The village high street’s heaving and the wine bar’s been full a good while now.
But it’s not yet ten o’clock.
In the morning.
A pudgy coach rolls its girth down the road, huffs and puffs into a parking place outside the packed venue – and waits.
The chill, dankness of morning has not yet evaporated, but the sun is there, somewhere. You can feel it struggling to break through the mist. And the air is tinted a little more lemon, now, than ash.
The rival bookies’ doors are winking at the world. Inviting, alluring – tempting.
‘Come in, come in! Take a punt, it won’t take long. You know you want to…’
A man steps out of his car and hesitates.
Crosses the threshold.
Takes a free pen. Opens his wallet.
Leaves before he can spend any more.
Midget blue biros lie in the gutter, symbols of dashed hopes – or dreams come true.
Not many of those yet, I’d guess, the dreams come true.
Any time now be-suited men in shiny shoes will straggle out from the wine bar and onto the street.
Standing in a gaggle they’ll twitch their shoulders, trussed up as they are in their grey or black straitjackets. Shifting from foot to foot like toddlers who needs the potty. Having a last smoke before they’re stuck in yet another public place where they can’t.

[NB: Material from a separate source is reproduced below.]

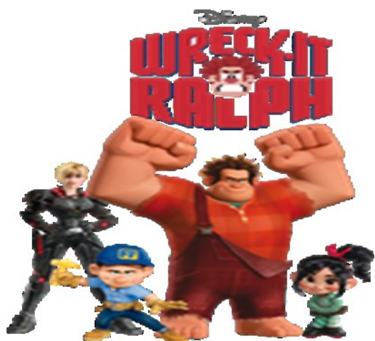
Bộ phim "Wreck-It-Ralph"
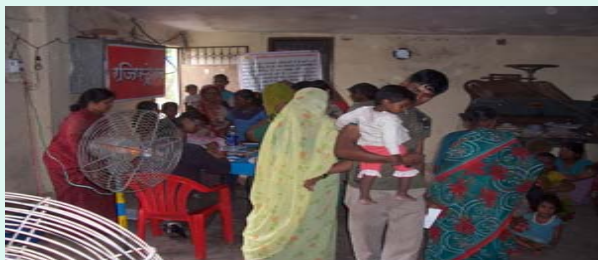
Registration of Patient

Women on heels like instruments of torture, hair in up-dos under frothy fascinators, will teeter off to climb on the bus. Bare, girly arms prickling with goosebumps, shoestring straps slipping off cold shoulders under ineffectual shrugs and shawls.
And loving it. Despite the weather that promised so much earlier in the week and delivered this damp coastal blanket.
Round here anyone with an eye on the world and an ounce of sense is leaving the car at home for the next few days. Let the train take the strain, it’s Aintree time again.
But the rest of the world awaits the one big day, the Grand National. Then the doors of the bookies stand open, unaccustomed gamblers clogging the surfaces as they try to work out how to place a bet. Incongruous as women in the Freemasons – or some antediluvian golf clubs.
It’s not comfortable, in there, if you’re an outsider. It has a language of its own, betting on the gee-gees. I can’t even understand the odds. Just about grasped the concept of each way. But trifectas, boxed bets and Burlington Bertie? The bizarre silence of the mad, arm-waving tic-tac? Too much. Though I can see the appeal.
There are those who decry the cruelty of the big race, the whips, the broken ankles, humane shots in the head despatching ruined horses. There are those who sneer at the Scousers having fun. And those who simply ignore it. But round here you can’t. And why would you?
I’m jealous, really. I’d like to be in a party, heading for that wonderful belt of green. That throng of excited people, those pretty dresses and crisp white shirts. The tang of a pint of bitter, the tingle of a glass of fizz. The aroma of chips and grass and horse sweat – and spring in the air.
But I’m back in my little office, watching the robin darting in and out of the garden, the wood pigeon waddling around after the seeds dropped from the fat ball, the chaffinches and coal tits – and bumble bees pollinating our new pear trees.
And there are bright yellow daffodils making up for the absent sun, trees bursting with buds gradually greening the outside world.
Besides, I don’t have a fascinator – or a shoestring-strapped dress.
And you know, it really is quite cold out there.